Using the reservoir sampling method returned the desired results. In this case, I specified a seed of 35, so if I run the query multiple times, I’ll get the same result (assuming the underlying data set doesn’t change). If I wanted the results to change, then I’d simply remove the seed.

Solution 2

Another way to deal with this issue is to specify a percentage, instead of a fixed number of rows.

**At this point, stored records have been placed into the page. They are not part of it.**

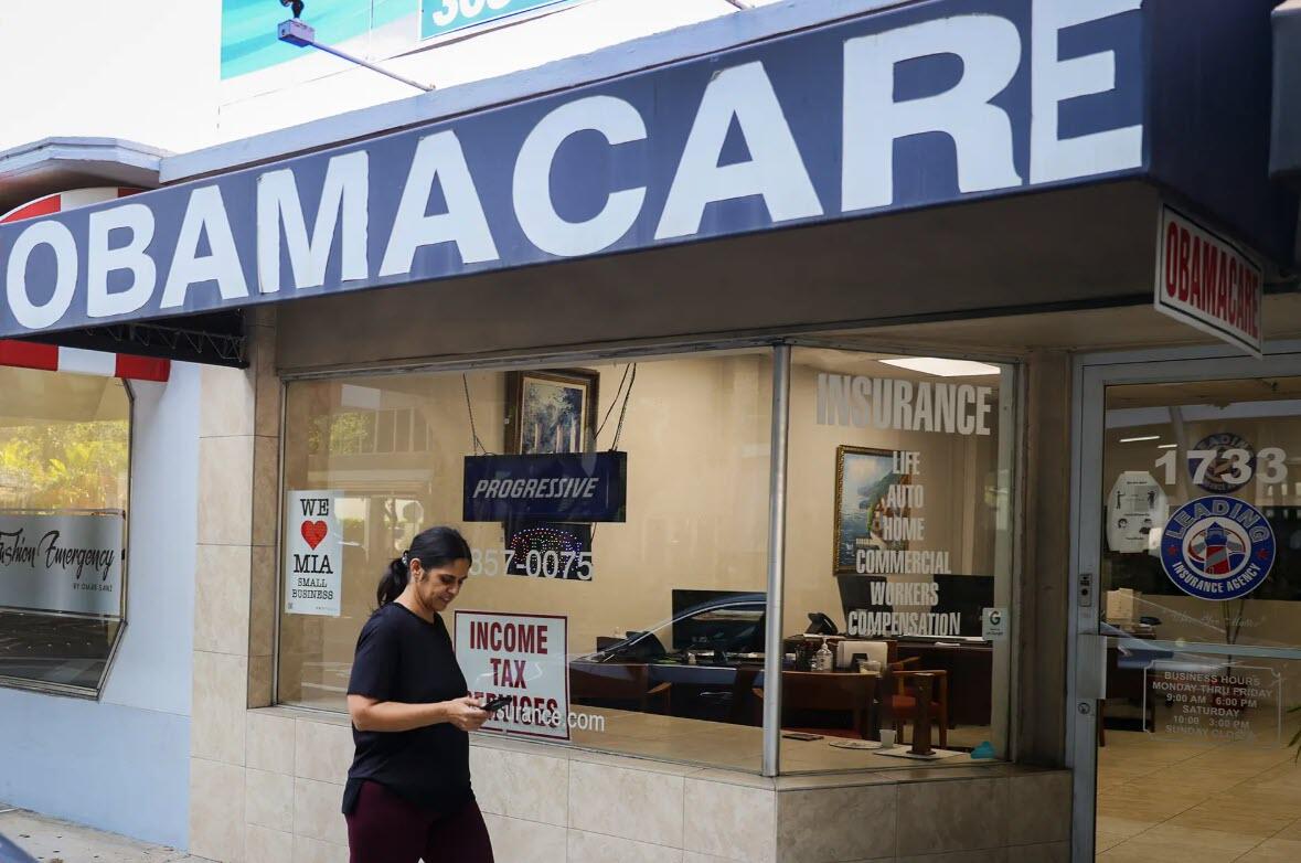 A pedestrian walks past an insurance agency that offers Affordable Care Act plans, in Miami on Jan. 28, 2021. Following the COVID-19 pandemic and enhanced subsidies approved by Congress in 2021, enrollment more than doubled, reaching a record 24.3 million in 2025. Joe Raedle/Getty Images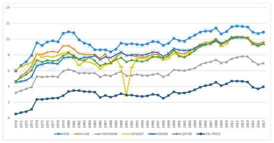 Oil is a primary need of the global economy as a significant energy source for households, industries, and transportation segments. Oil supports macroeconomic performance of oil-dependent countries. Further, oil price (OP) movements affect both oil importer and exporter economies, as increasing oil prices negatively affect the income of the importers by raising the cost of production, and could support the income of oil exporters as well. Mainly, OP changes directly affect the oil-exporting economies because any movement in oil price could have a major effect on the income of oil exporter countries. The literature has corroborated the positive impact of OP on the income and production of the oil-exporting countries and the negative impact on the oil-importing countries [,,,,,,,,,]. In addition, Saari et al. [] discussed that rising OP would have an adverse effect on the income distribution of the oil-importing economy.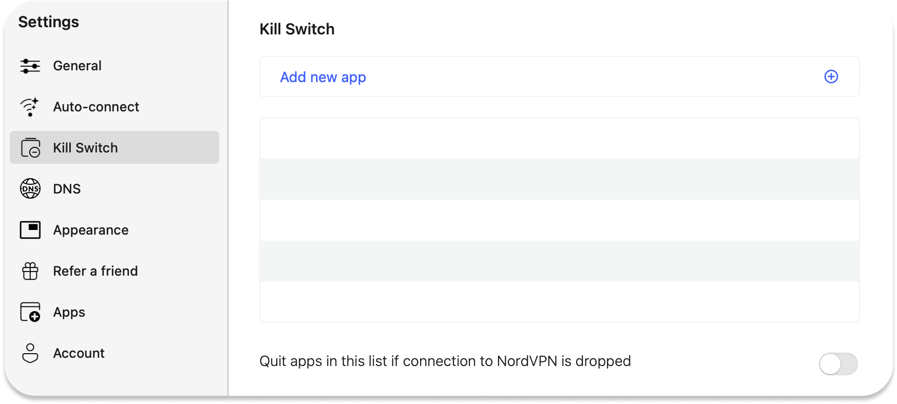 - Enable the Kill Switch to prevent unprotected internet access if the VPN connection drops.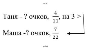 Из условия мы знаем, что Таня набрала $\frac{4}{11}$ от всех очков. Это можно записать как $\frac{4}{11}x$.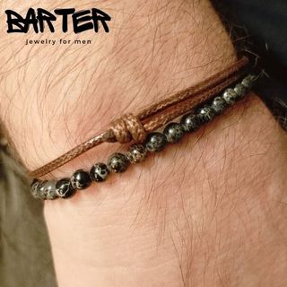 Elegante juego de dos pulseras para hombre de la marca Barter. Son de color negro y marrón, con un diseño sobrio y elegante. - Elaboradas con piedras pulidas oscuras. 4 mm. - Cordón marrón de algodón encerado ajustable. La mezcla de gris, negro y marrón resulta muy elegante. Aptas para diferentes tipos de tallas, dado que son extensibles. Resto de tienda nuevo con etiquetas y embalaje de la marca. Envío con GLS y Correos.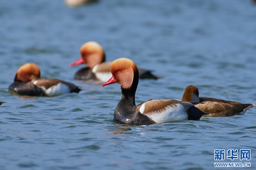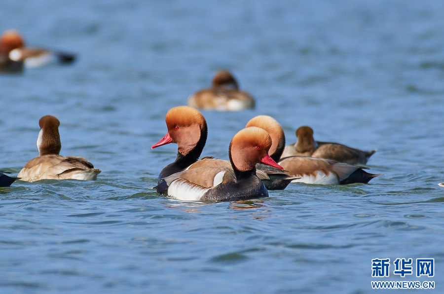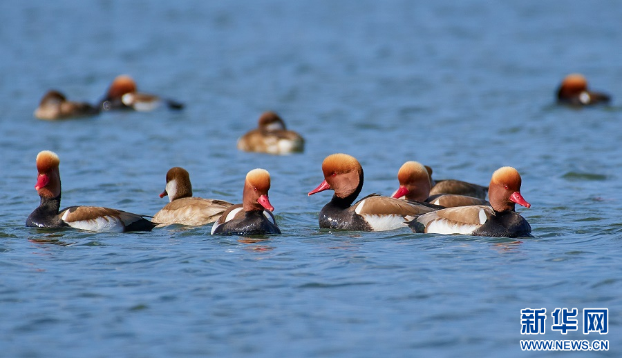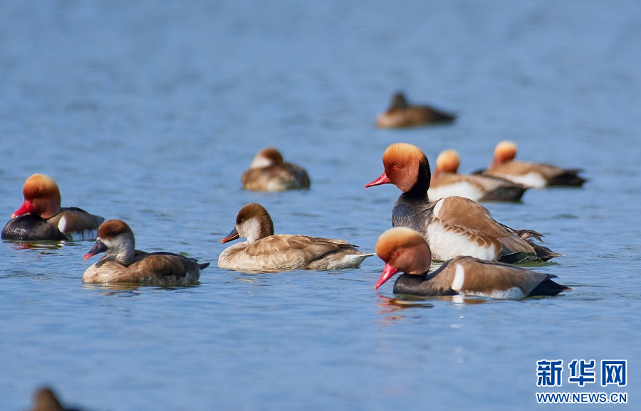 成群的赤嘴潜鸭(视频截图)。新华网发(郭康 摄)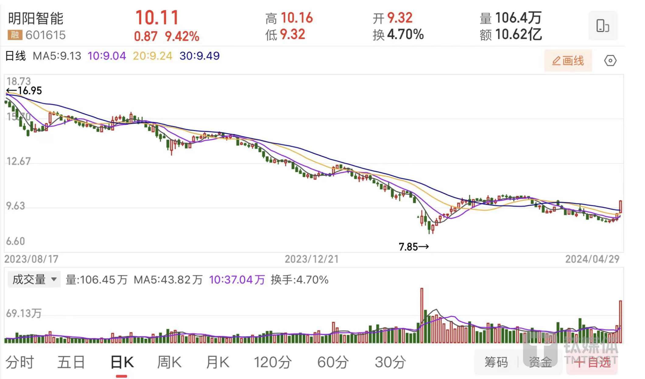 公开资料显示,明阳智能主营业务涵盖风机及其核心部件的研发、生产、销售;新能源电站发电业务;新能源电站产品销售业务等。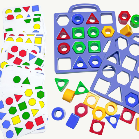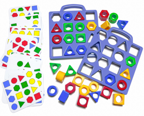 Setul include carduri ilustrate care ghidează copilul să recreeze modele și să dezvolte gândirea logică.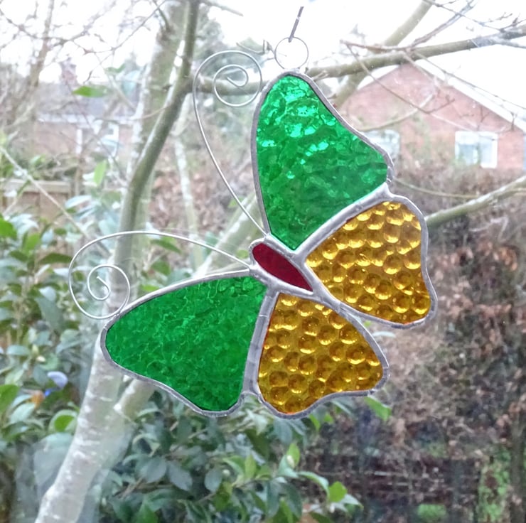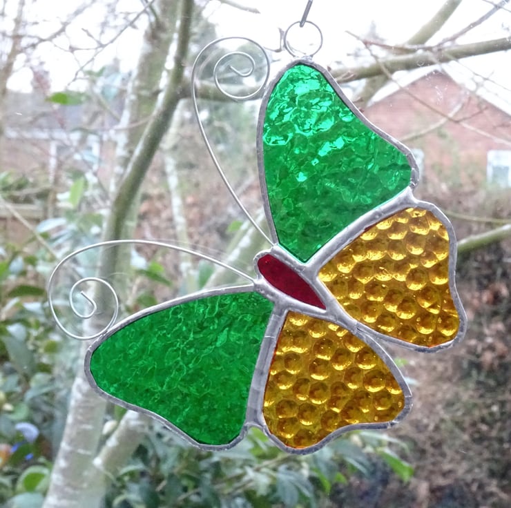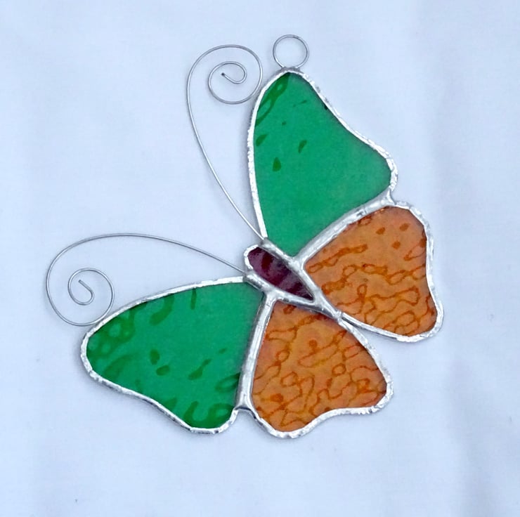 This little stained glass butterfly has been made from green corella stained glass and amber hammered glass for the wings and red glass for the body.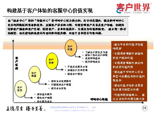 最后我想世界級的呼叫中心戰(zhàn)略是我們從事客戶服務(wù)行業(yè),從事呼叫中心人的方向,從我們理解的世界級呼叫中心特征來講,管理團隊?wèi)?yīng)對呼叫中心的運營原理有系統(tǒng)的理解,并貼切地應(yīng)用到業(yè)務(wù)實踐,創(chuàng)造積極向上的工作氛圍,鼓勵員工成長,能夠闡述呼叫中心的戰(zhàn)略價值,制訂并達(dá)到本部門的目標(biāo),為企業(yè)利潤的增長作出杰出的貢獻(xiàn),杰出的員工滿意度和客戶滿意度。所以世界級呼叫中心我們理解是從七個方面來衡量,以“客戶為中心”,多種客戶溝通的聯(lián)絡(luò)渠道,低員工流失率和高客戶滿意度,高效率、低成本,高“一次性解決率”,對客戶服務(wù)請求的快速反應(yīng)與處理,技術(shù)驅(qū)動與創(chuàng)新。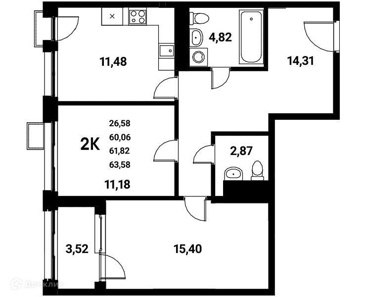 Площади квартир

Doing that will allow you to use system or bernoulli.

Example:

SELECT * FROM sales USING SAMPLE 1% (bernoulli, 35);

Here’s the result I get in my test environment:

+---------+------------+-------------+----------+--------------+-------------+--------+----------+------------+--------+
| sale_id | product_id | customer_id | store_id | product_name | category | price | quantity | sale_date | region |
+---------+------------+-------------+----------+--------------+-------------+--------+----------+------------+--------+
| 65 | 16 | 66 | 6 | Product-16 | Electronics | 35.40 | 4 | 2022-03-07 | South |
| 94 | 45 | 95 | 15 | Product-45 | Food | 734.46 | 6 | 2022-04-05 | East |
| 254 | 5 | 255 | 15 | Product-5 | Food | 63.19 | 7 | 2022-09-12 | East |
| 367 | 18 | 368 | 8 | Product-18 | Home | 65.99 | 8 | 2022-01-03 | West |
| 519 | 20 | 20 | 20 | Product-20 | Food | 871.93 | 7 | 2022-06-04 | West |
| 1023 | 24 | 24 | 4 | Product-24 | Books | 725.42 | 2 | 2022-10-21 | West |
| 1029 | 30 | 30 | 10 | Product-30 | Food | 365.08 | 2 | 2022-10-27 | South |
| 1195 | 46 | 196 | 16 | Product-46 | Electronics | 129.45 | 3 | 2022-04-11 | West |
| 1215 | 16 | 216 | 16 | Product-16 | Electronics | 581.68 | 2 | 2022-05-01 | West |
...

In this case, the full result set was too large to paste here. Regardless, it demonstrates that system and bernoulli can be used when specifying a percentage.